Nunca nadie hace nada


El otro día alguien escribió para pedir si yo podía explicar eso de que nadie hace nunca nada, en apuntes recientes está explicado aunque no me importa hacerlo de nuevo, la verdad es que la explicación es bastante sencilla. 

Nadie hace nunca nada porque el cuerpo y el cerebro mecánico nunca se salen de su programación genética, de su condicionamiento, tampoco de su moldeado cultural y social, el cuerpo y la mente cumplen siempre un patrón que está ya fijado o prefijado; por ejemplo ante una experiencia que nos toque vivir, el cuerpo y la mente reaccionarán siempre en relación a esa programación y a ese moldeado, es decir que no hay una ‘entidad individual’ que decida nada, no hay ninguna autonomía para tomar nunca ninguna decisión. Podemos pensar que sí elegimos, pero no decidimos, tenemos la sensación de que elegimos, pero ni incluso eso es así, y no es así porque no hay nadie que pueda elegir y mucho menos decidir ya que esa entidad que elije o decide no lo puede hacer de forma autónoma pues siempre está insertada en un todo, lo que sucede está sucediendo en la totalidad, no hay partes autónomas eligiendo o decidiendo nada.

Algunos podrán pensar entonces que el panorama es desolador.
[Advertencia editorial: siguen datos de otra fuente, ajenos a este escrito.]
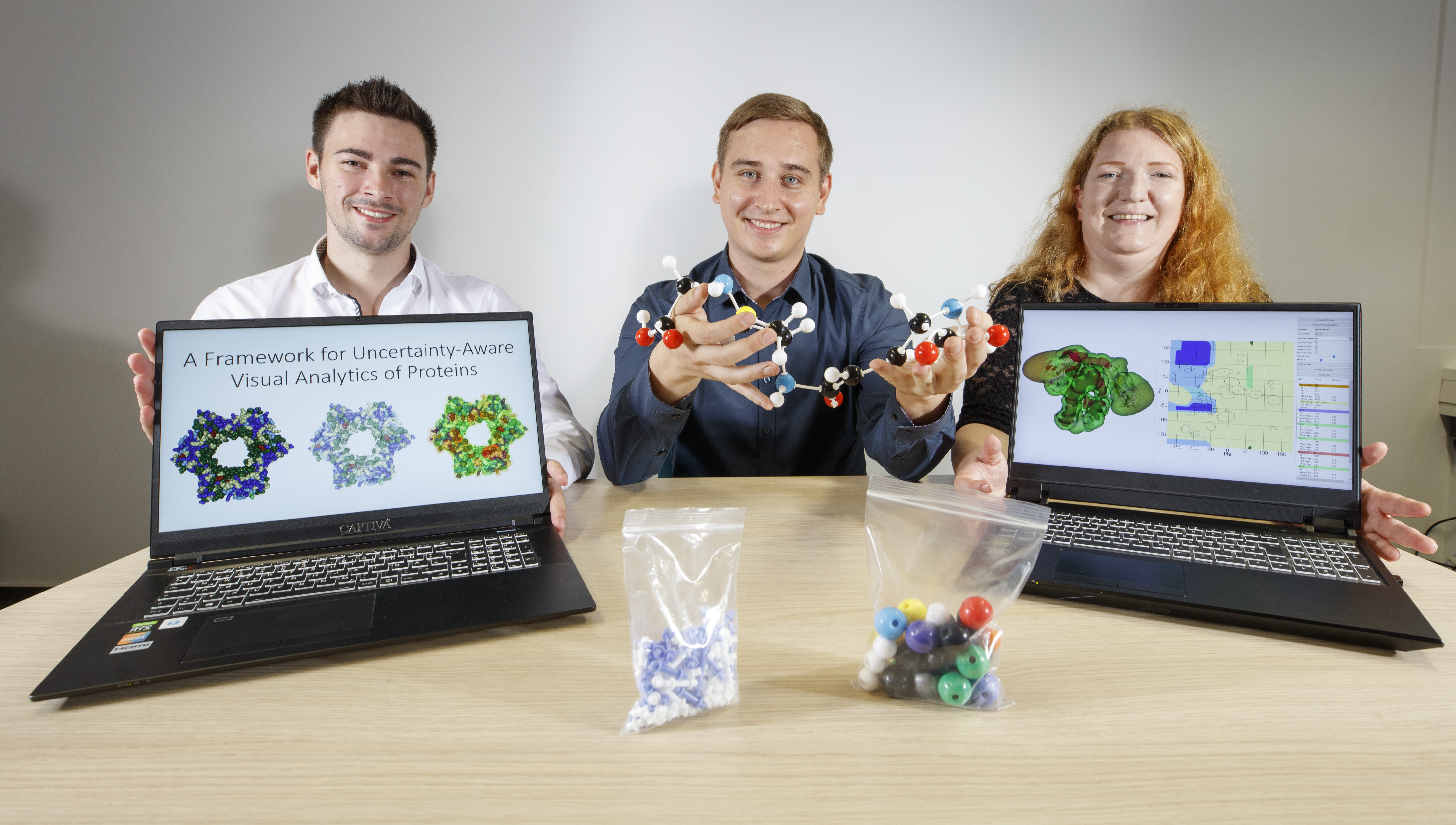 Maack arbeitet derzeit gemeinsam mit seiner Kollegin Dr. Christina Gillmann von der Universität Leipzig an einer Software, die diesen Bewegungsraum berechnet und ihn gemeinsam mit der ursprünglichen Visualisierung darstellt, ohne dass dabei vorhandene Informationen überdeckt werden. „Nutzer können mit der Software verschiedene Visualisierungsmethoden und Farbschema miteinander kombinieren“, so Maack weiter. „Sie ist übersichtlich gestaltet und ermöglicht es aber auch, dass Positionsunsicherheiten der Atome dargestellt werden.“

Todo lo contrario. Viendo en esencia cómo es el funcionamiento interno de la vida, lo que hemos de hacer es relajarnos y ver que lo mejor que podemos hacer es eliminar todo propósito intencionado pues lo mismo que sabemos ya que nadie hace nada, todo sucede por sí mismo; y si a alguien no le convence eso de que todo sucede por sí mismo, se puede decir mejor de esta manera: todo sucede en el Sí Mismo; todo lo que es, es el Sí Mismo.

La libertad no es poder elegir, la verdadera libertad es vivir sin que intervenga la voluntad.